Directed by Justin Lee, Final Kill centers Mickey Rome (Ed Morrone) a sarcastic mercenary who is tasked with protecting a couple in Central America. Rome has his work cut out for him, as the lovers are holed up in a beautiful mansion that should be an easy target for the crime organization that’s looking for blood. Final Kill also boast an array of go-to character actors (Billy Zane, Randy Couture, Danny Trejo, Johnny Messner) to flesh out the narrative.
In the past several years, Lee has directed a healthy array of films (including the 2019 Western Badland), and he is not a director to sit and wait for the material to find him.
“Whether that’s (filming) something larger or going out with my own money and making a $10,000 film,” said Lee. “I will continue to do that to keep the ball moving forward and keep working. I’ve made a couple of larger films in a sense but they are still small indies. I usually am only operating with small capital in movies so it’s trying to always make something larger than what you really have. That’s always a struggle.”
Click on the media bar to hear Lee discuss how such 1980s films as 48 Hrs. and Midnight Run helped influence the comedic tone that’s layered into Final Kill:
Final Kill hits theaters, On Demand, and Digital on March 6.
Based on the bestselling novel by James Patterson and Liza Marklund, The Postcard Killings centers on New York Detective Jacob Kanon’s (The Walking Dead’sJeffrey Dean Morgan) search for the person (or maybe killers?) involved in the London murder of his son-in-law and daughter. The picture is directed by Danis Tanovic (Death in Sarajevo, Tigers).
Before his recent success on The Walking Dead, Morgan toplined the short-lived series Magic City and also had a memorable recurring role in Grey’s Anatomy. On the feature film side, Morgan has starred in Watchmen, The Losers, and the underrated thriller Desierto.
Movies that have been adapted from James Patterson’s work includes Alex Cross, Kiss The Girls and Along Came A Spider. Marklund’s novels Nobel’s Last Film and Paradise have been turned into films (she penned the screenplay for both).
The Postcard Killings, co-starring Famke Janssen and Cush Jumbo, hits theaters, On Demand, and Digital on March 13. Check out the trailer and tell us what you think!
Directed by Andy Palmer, Camp Cold Brook centers on a reality show host named Jack Wilson (Chad Michael Murray) who, along with his crew (Danielle Harris co-stars as his producer), investigate a camp that is reportedly haunted.
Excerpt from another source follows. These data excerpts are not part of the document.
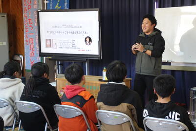 講演には、本校5・6年生、保護者、教職員、地域の方が参加しました。
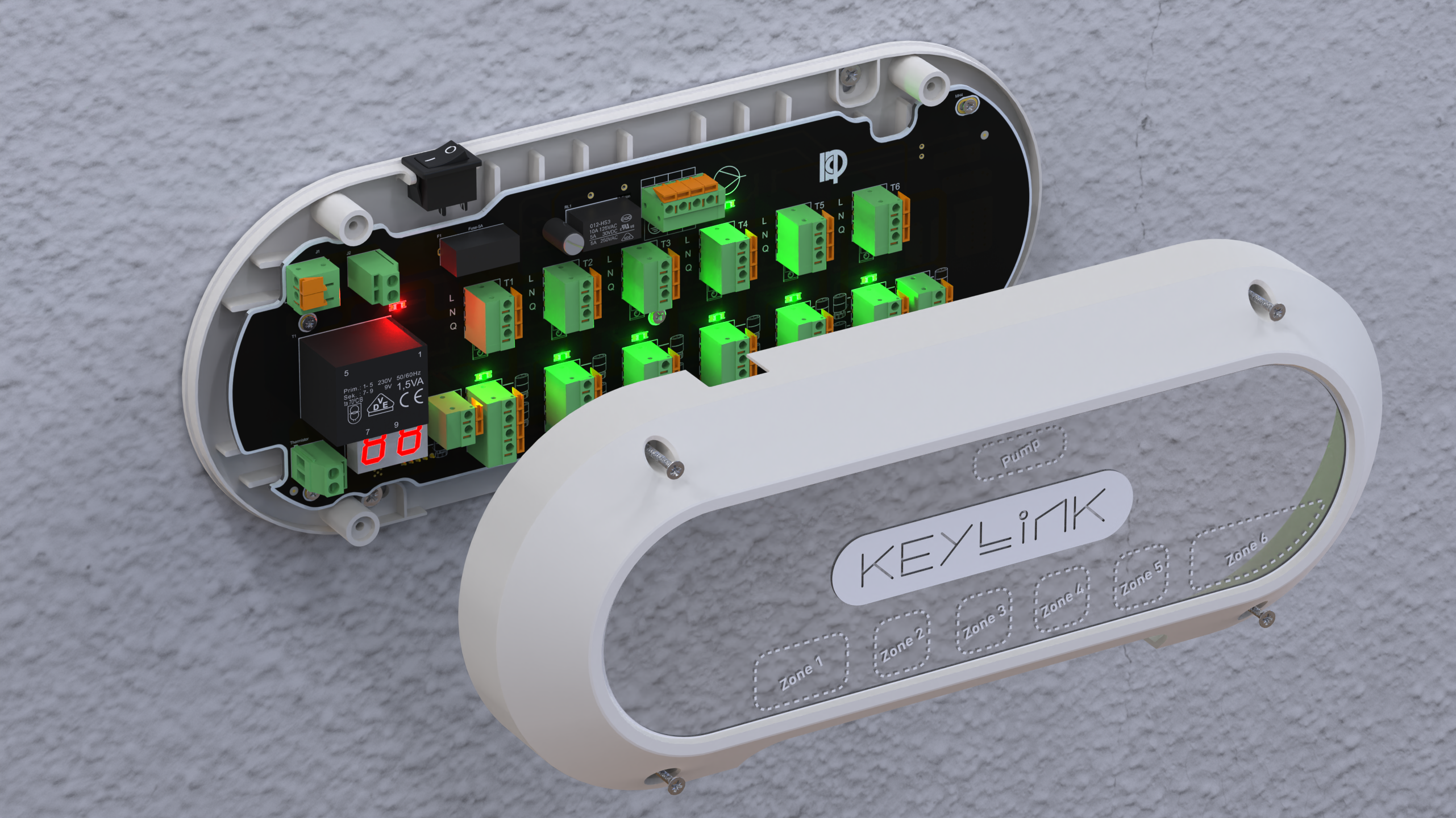 keylink smart plus module; it has all the features of the smart module. thanks to an under-screed temperature sensor in NTC type with IP67 protection class, the temperature of the system water can be displayed with the digital indicator on the card. when the energy from the thermostats is cut off, module provides control and turns off the pump as in the keylink smart module.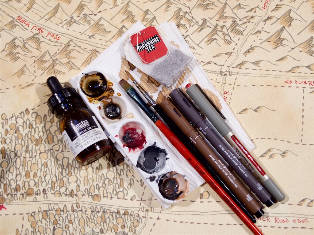 I tried to keep an eye on where the original map had place location names to make sure I left space for them. I made a few mistakes there and decided to write place names before drawing detail to avoid doing that again! I initially used a permanent marker to write location names, but that ended up bleeding in the paper a bit and generally looking a bit icky so I switched over to the red Uniball pen you see in the tools photo.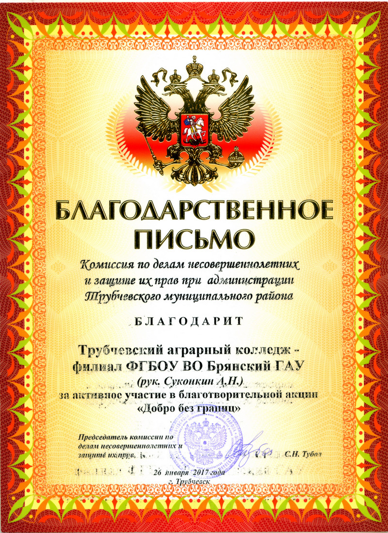 10.12.2016 – 15.01.2017 г.г. студенты Трубчевского аграрного колледжа приняли участие в акции «Добро без границ» для оказания благотворительной помощи несовершеннолетним, находящимся в центре социальной помощи семье и детям, а также проживающим в семьях, находящихся в социально опасном положении и трудной жизненной ситуации на территории Трубчевского муниципального района.

Campers were drowned in a nearby creek some 20 years ago, and Jack is determined to uncover this mystery (or at least revive his soon to be canceled show).
Palmer had the benefit of collaborating with filmmaker Joe Dante (Gremlins, The ‘Burbs) for Camp Cold Brook, as Dante served as an executive producer on the project. During his early years in the industry, Dante worked with producer Roger Corman, and that mentorship has had a marked influence on his respective career. Thus, helping independent movies is a passion of Dante’s.
“At my company Renfield, we’ve been on occasion, getting involved with backing independent pictures that are made by people who can use a little help trying to get them set up,” said Dante. “When this script came along, my partner Mark Alan and I thought that this was probably a pretty good bet as something we understand and could contribute to and hopefully get made. The whole business now is about trying to get your picture made.”
Click on the media bar to hear Dante talk about how he appreciated the steady and suspenseful approach to Camp Cold Brook’s narrative.
Camp Cold Brook is now playing in select theaters and is available On Demand and Digital.